The part to set down runs from the first line of the data below through the line with "Filt För Demokrati", inclusive; write it exactly and leave out the pictures.

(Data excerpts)
»»

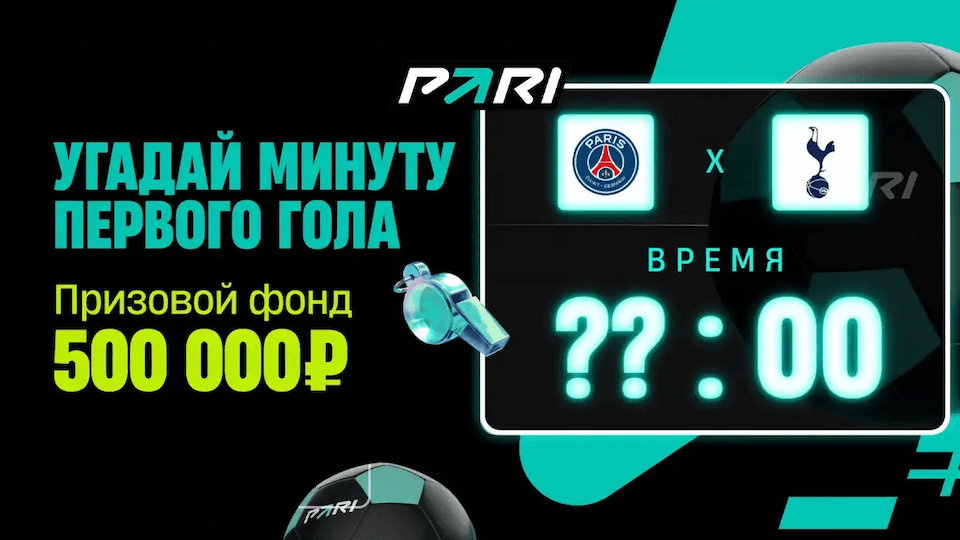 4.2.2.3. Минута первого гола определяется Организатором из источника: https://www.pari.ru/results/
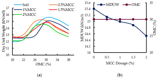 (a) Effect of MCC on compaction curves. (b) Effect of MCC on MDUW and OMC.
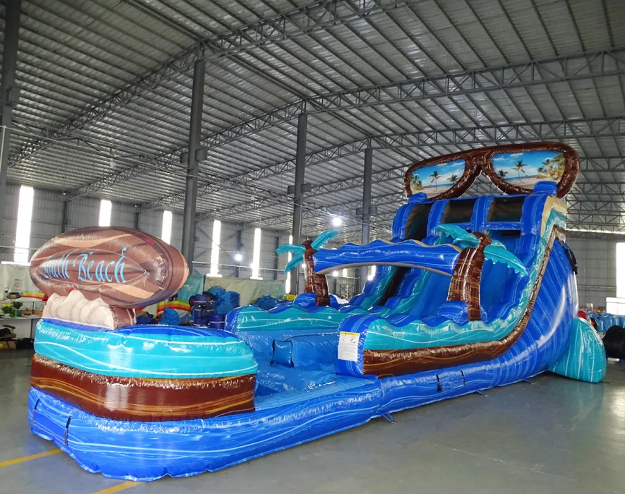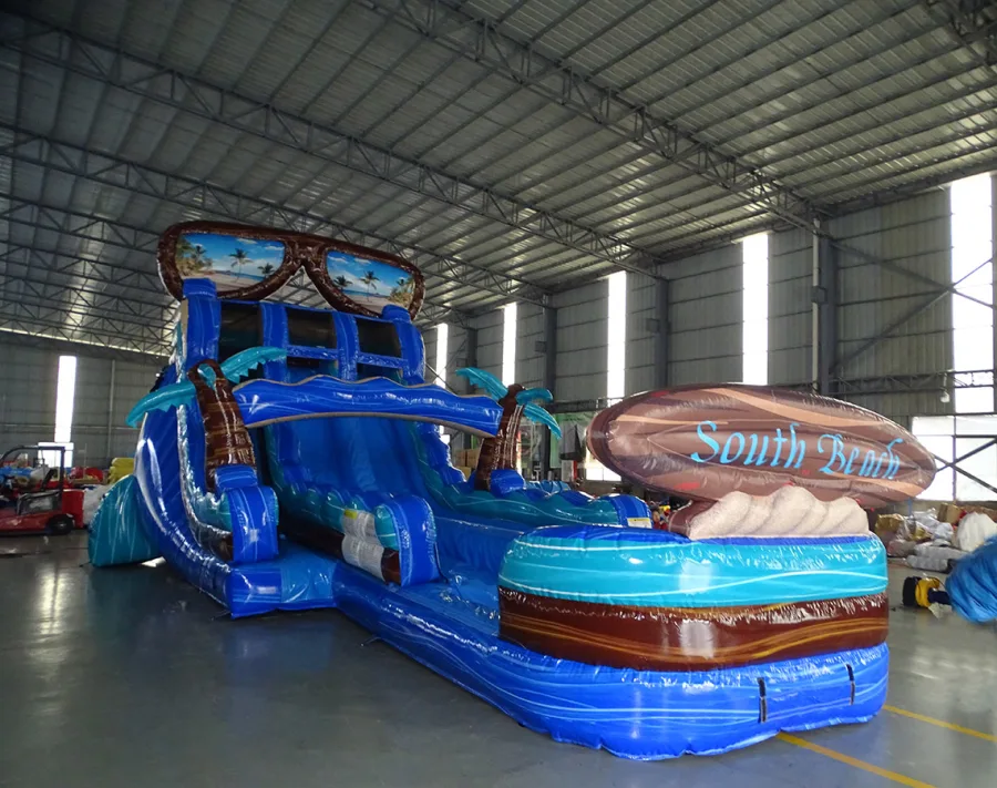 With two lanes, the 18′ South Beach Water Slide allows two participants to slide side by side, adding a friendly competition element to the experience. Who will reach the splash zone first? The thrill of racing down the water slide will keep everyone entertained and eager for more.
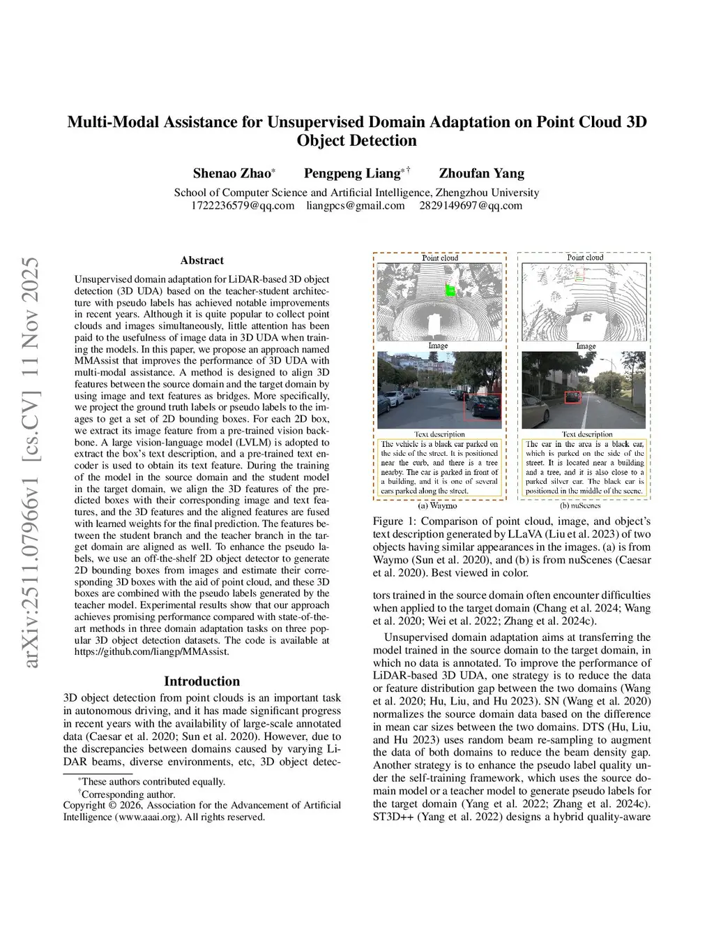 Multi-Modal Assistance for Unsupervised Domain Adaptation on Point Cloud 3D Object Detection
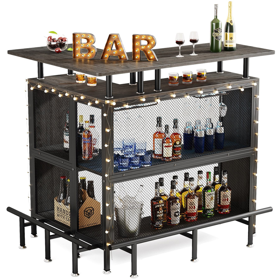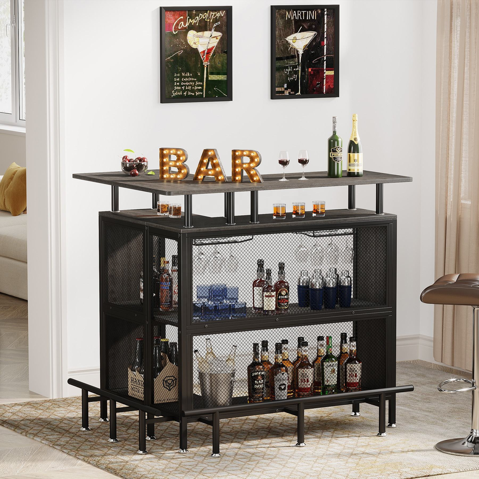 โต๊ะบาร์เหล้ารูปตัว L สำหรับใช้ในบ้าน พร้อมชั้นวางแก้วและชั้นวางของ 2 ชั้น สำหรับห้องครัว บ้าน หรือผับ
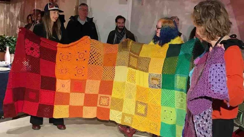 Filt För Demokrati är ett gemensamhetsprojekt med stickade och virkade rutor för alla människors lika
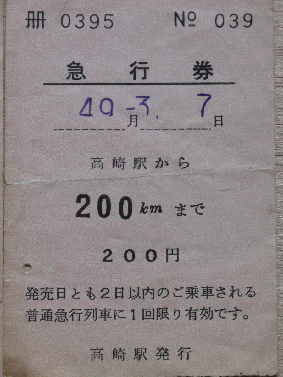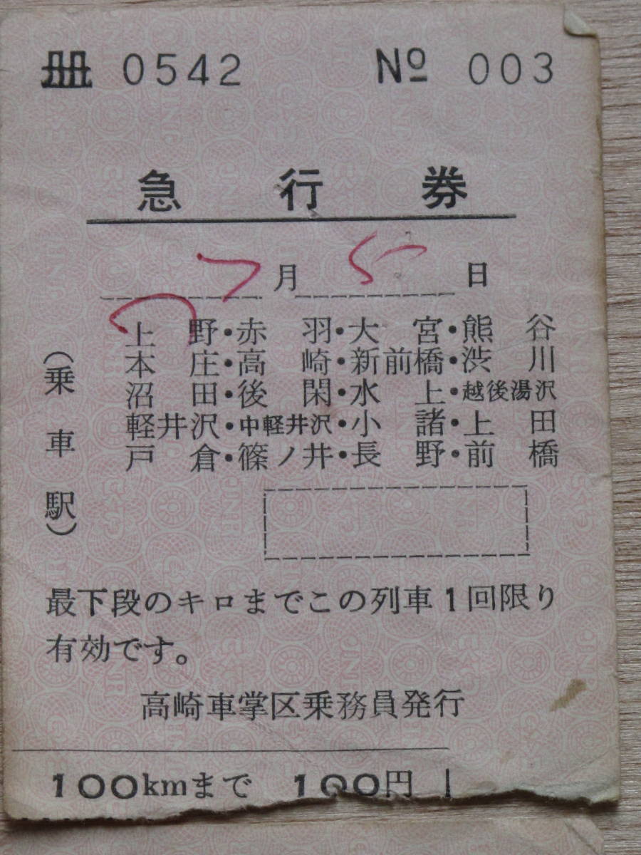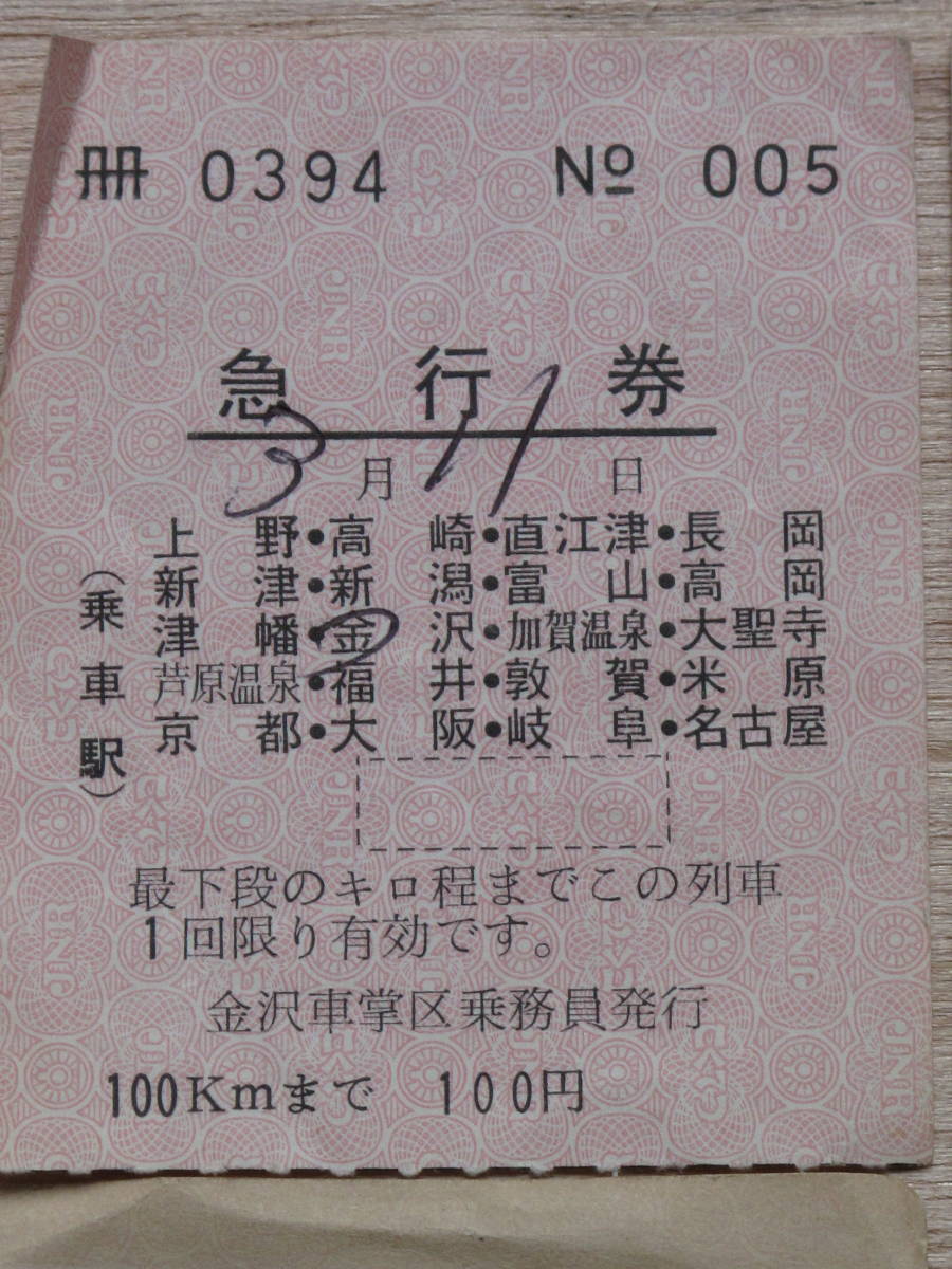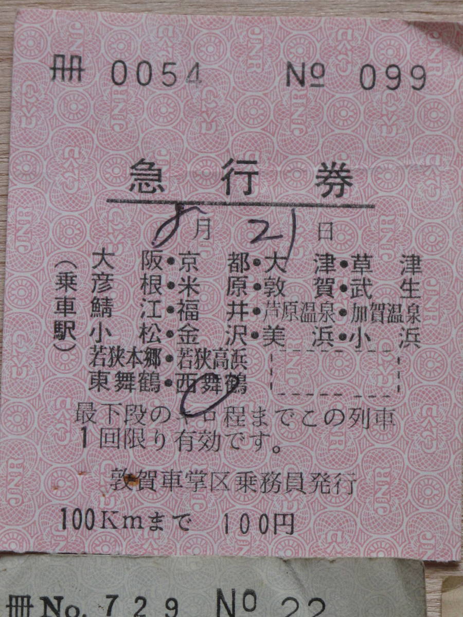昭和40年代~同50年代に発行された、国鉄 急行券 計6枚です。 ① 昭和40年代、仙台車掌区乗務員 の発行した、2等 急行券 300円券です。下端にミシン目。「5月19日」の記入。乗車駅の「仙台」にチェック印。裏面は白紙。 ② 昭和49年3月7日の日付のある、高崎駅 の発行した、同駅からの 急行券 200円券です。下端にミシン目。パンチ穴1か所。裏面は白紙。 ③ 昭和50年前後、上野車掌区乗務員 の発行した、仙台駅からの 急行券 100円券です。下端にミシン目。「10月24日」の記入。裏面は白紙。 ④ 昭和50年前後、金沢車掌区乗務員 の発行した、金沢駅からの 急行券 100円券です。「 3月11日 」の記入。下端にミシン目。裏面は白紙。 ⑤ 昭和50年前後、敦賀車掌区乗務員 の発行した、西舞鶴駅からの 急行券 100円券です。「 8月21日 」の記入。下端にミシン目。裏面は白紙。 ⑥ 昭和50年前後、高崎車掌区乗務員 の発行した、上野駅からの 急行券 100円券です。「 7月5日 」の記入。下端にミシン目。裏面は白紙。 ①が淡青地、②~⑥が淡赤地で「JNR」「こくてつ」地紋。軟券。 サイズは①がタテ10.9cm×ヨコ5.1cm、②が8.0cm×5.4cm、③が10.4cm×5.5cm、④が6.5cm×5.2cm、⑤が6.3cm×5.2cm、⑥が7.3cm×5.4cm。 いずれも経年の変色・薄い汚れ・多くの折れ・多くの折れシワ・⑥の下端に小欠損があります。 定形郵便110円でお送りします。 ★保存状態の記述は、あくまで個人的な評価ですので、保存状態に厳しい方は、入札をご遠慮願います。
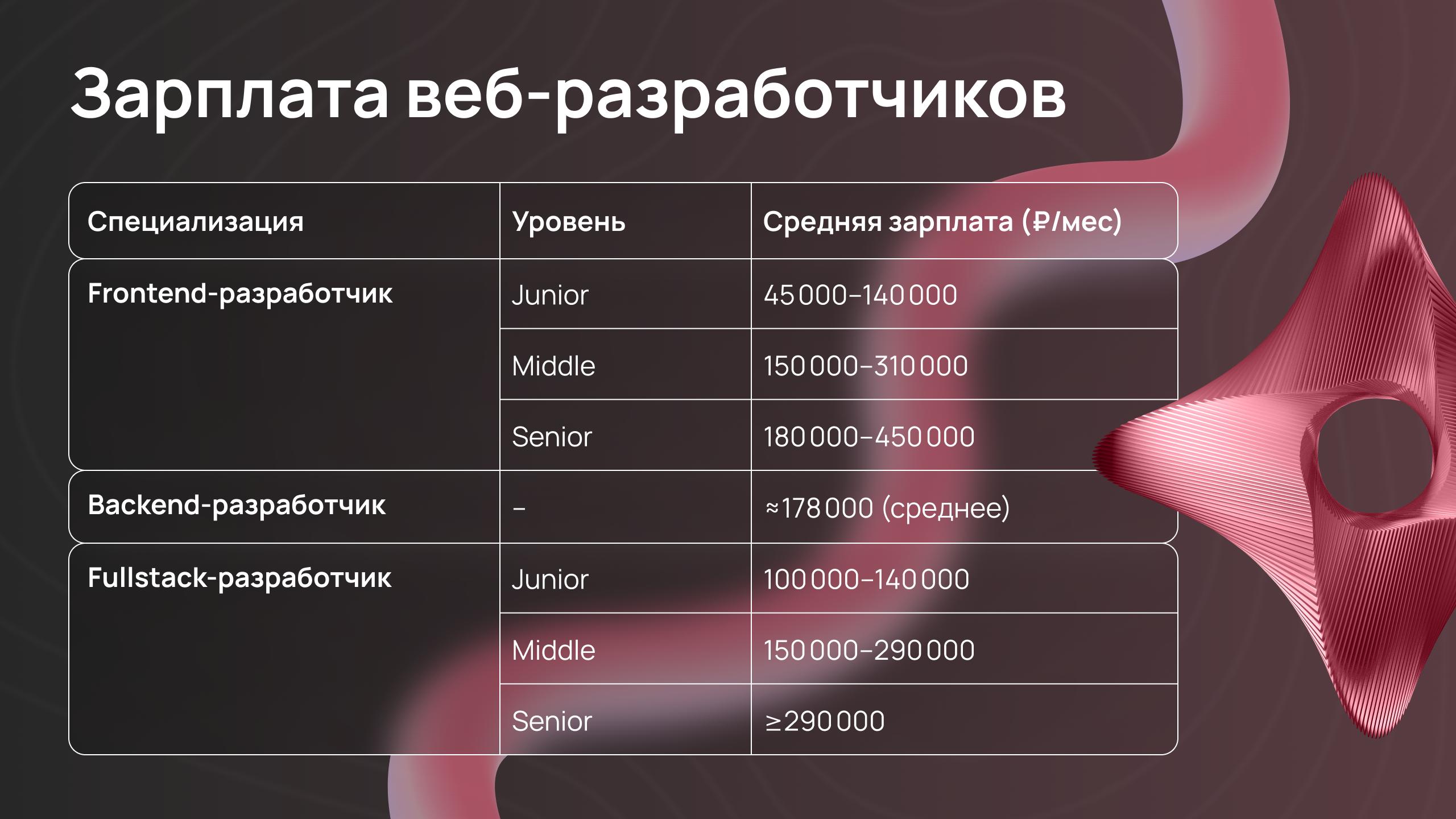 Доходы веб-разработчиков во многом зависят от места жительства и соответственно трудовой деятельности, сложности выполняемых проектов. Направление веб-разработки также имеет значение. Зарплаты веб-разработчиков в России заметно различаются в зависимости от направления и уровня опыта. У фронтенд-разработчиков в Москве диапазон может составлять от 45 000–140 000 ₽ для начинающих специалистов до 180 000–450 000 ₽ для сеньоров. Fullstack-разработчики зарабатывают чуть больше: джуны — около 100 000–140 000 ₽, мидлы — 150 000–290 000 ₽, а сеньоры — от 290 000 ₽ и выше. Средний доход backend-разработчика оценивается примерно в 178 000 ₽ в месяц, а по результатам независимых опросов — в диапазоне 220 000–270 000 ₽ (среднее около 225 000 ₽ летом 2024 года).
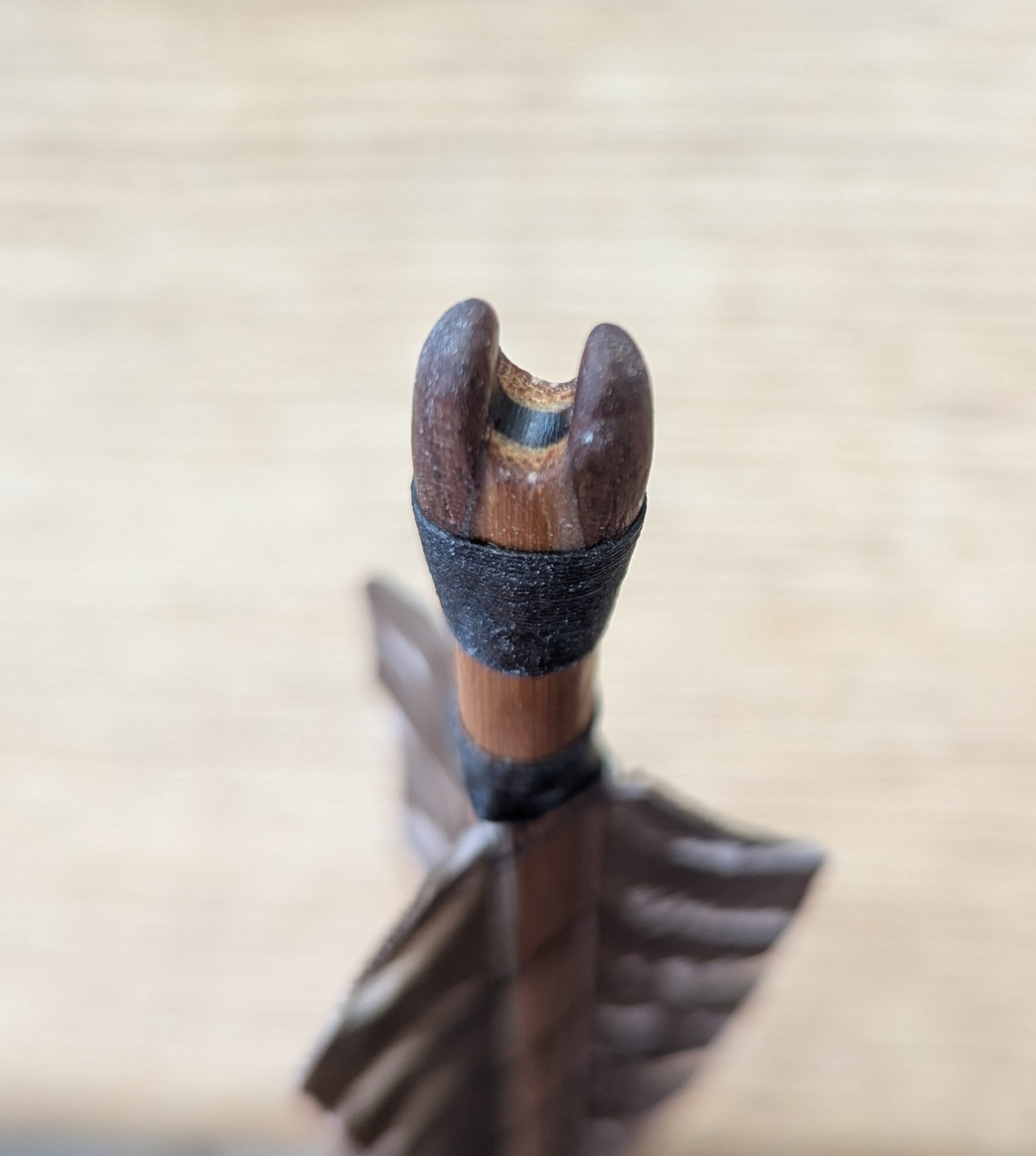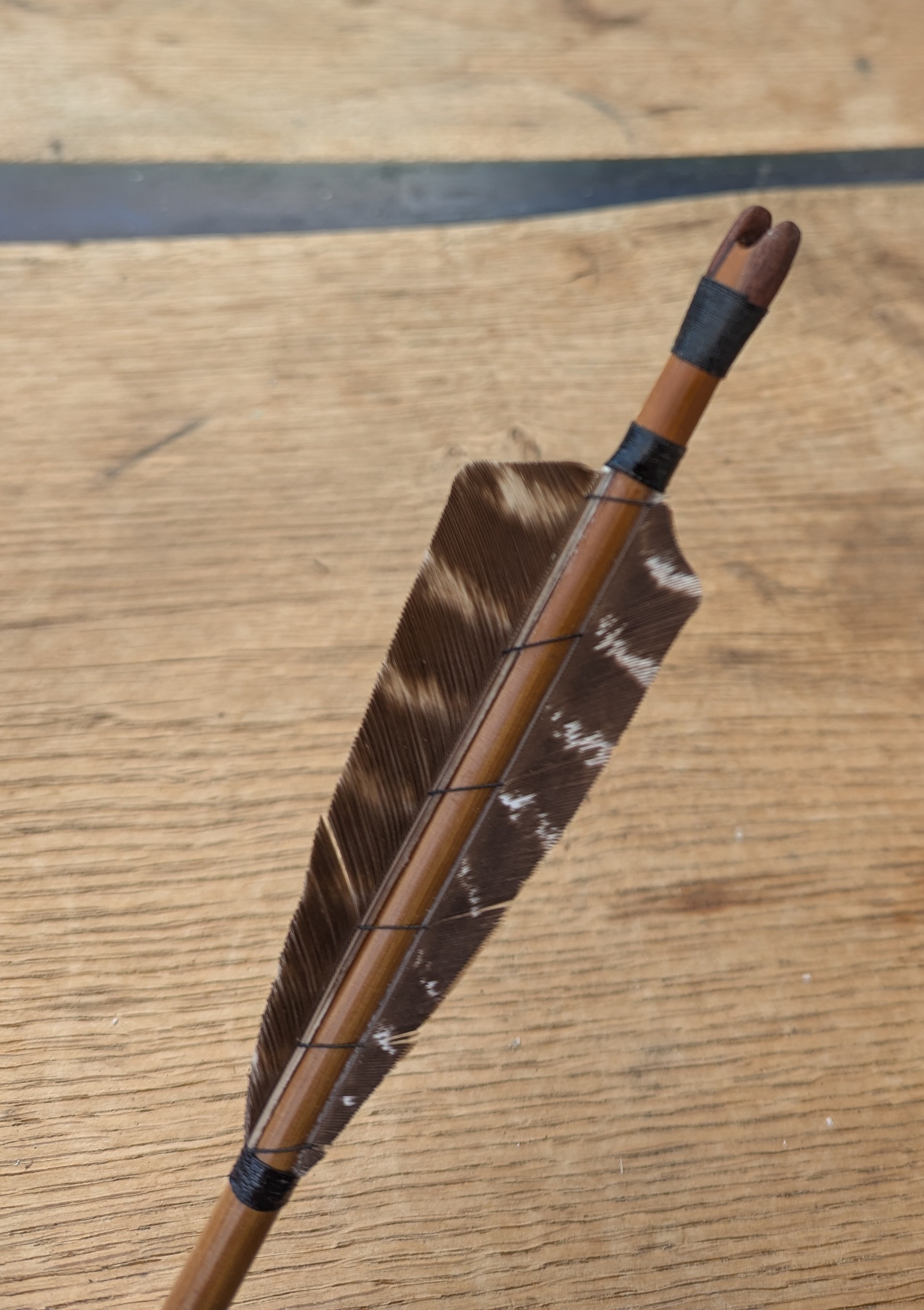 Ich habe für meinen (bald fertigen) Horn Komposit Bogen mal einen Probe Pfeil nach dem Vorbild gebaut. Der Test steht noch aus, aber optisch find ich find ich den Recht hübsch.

««

**Result**.
 4.2.2.3. Минута первого гола определяется Организатором из источника: https://www.pari.ru/results/
 (a) Effect of MCC on compaction curves. (b) Effect of MCC on MDUW and OMC.
 With two lanes, the 18′ South Beach Water Slide allows two participants to slide side by side, adding a friendly competition element to the experience. Who will reach the splash zone first? The thrill of racing down the water slide will keep everyone entertained and eager for more.
 Multi-Modal Assistance for Unsupervised Domain Adaptation on Point Cloud 3D Object Detection
 โต๊ะบาร์เหล้ารูปตัว L สำหรับใช้ในบ้าน พร้อมชั้นวางแก้วและชั้นวางของ 2 ชั้น สำหรับห้องครัว บ้าน หรือผับ
 Filt För Demokrati är ett gemensamhetsprojekt med stickade och virkade rutor för alla människors lika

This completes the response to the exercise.